His head was tilted slightly where it rested against his folded arm, dark hair mussed from sleep. The hand not under his head was curled around her waist, resting low where the hem of her shirt had ridden up sometime during the night. His palm lay flat against the curve of her back, fingers spread wide in a hold that wasn't claiming, but grounding. Their legs were still tangled—her bare knee tucked behind the bend of his thigh, his calf pressed lightly to hers beneath the sheets. She could feel the steady press of his body all along her front, warm and solid and undeniably real.

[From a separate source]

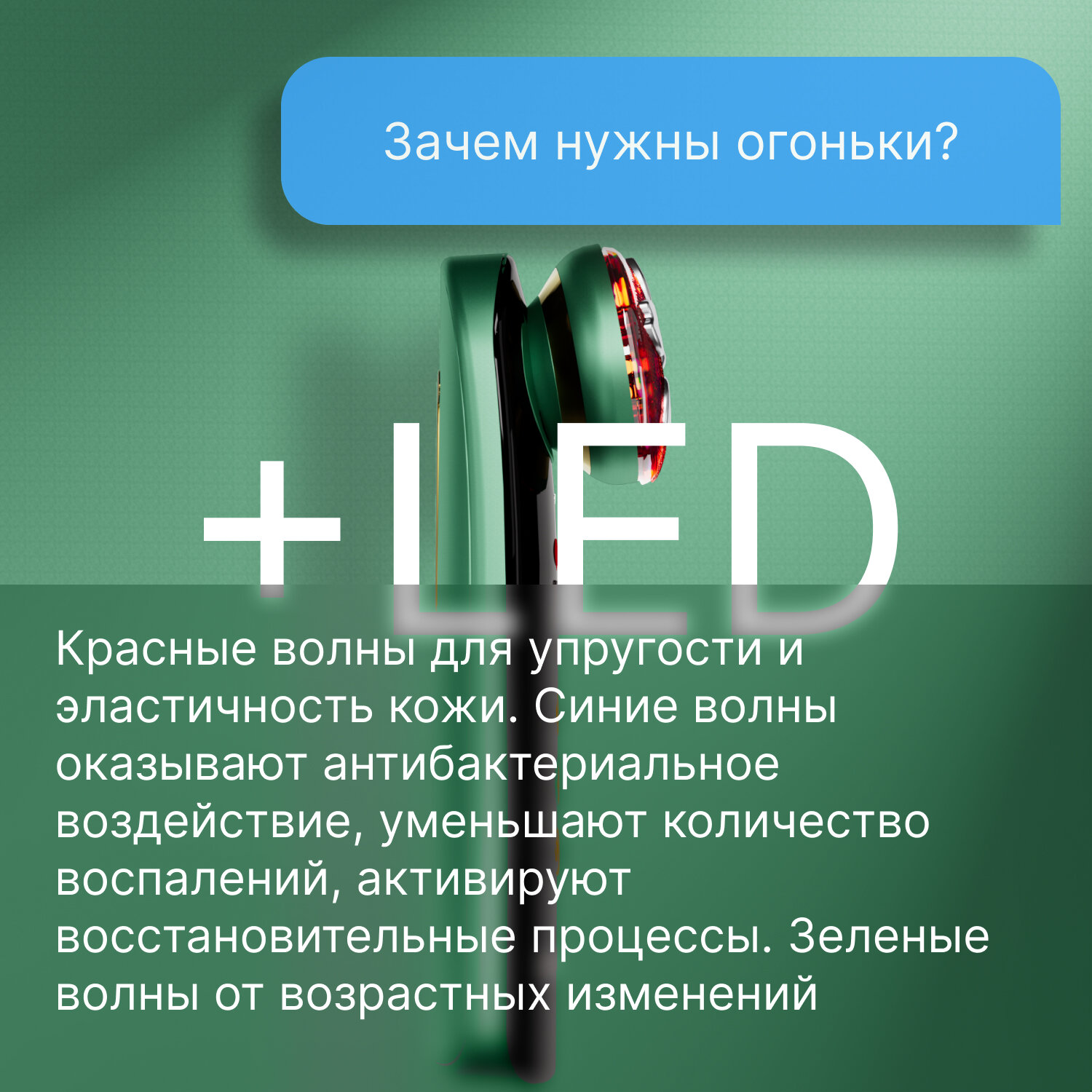Косметический аппарат. Массажер для лица, шеи. RF лифтинг. EMS. Электромиостимуляция. LED терапия. Зелёный интересное:

His thumb was moving again, just barely—tracing the softest, slowest circles against her skin. The motion was so light, so rhythmic, she might have thought she was imagining it if not for the way it made something flutter low in her chest.

Beth licked her lips, the motion slow, and whispered, "Hi."

Her voice came out thick with sleep, scratchy at the edges, but it made him smile. Not a smirk. Not a grin. But one of those rare, full smiles that started in the eyes and softened everything else. The kind that made her forget how to breathe properly.

"Hey," he murmured, voice rough and quiet and full of something she wasn't ready to name—but felt anyway.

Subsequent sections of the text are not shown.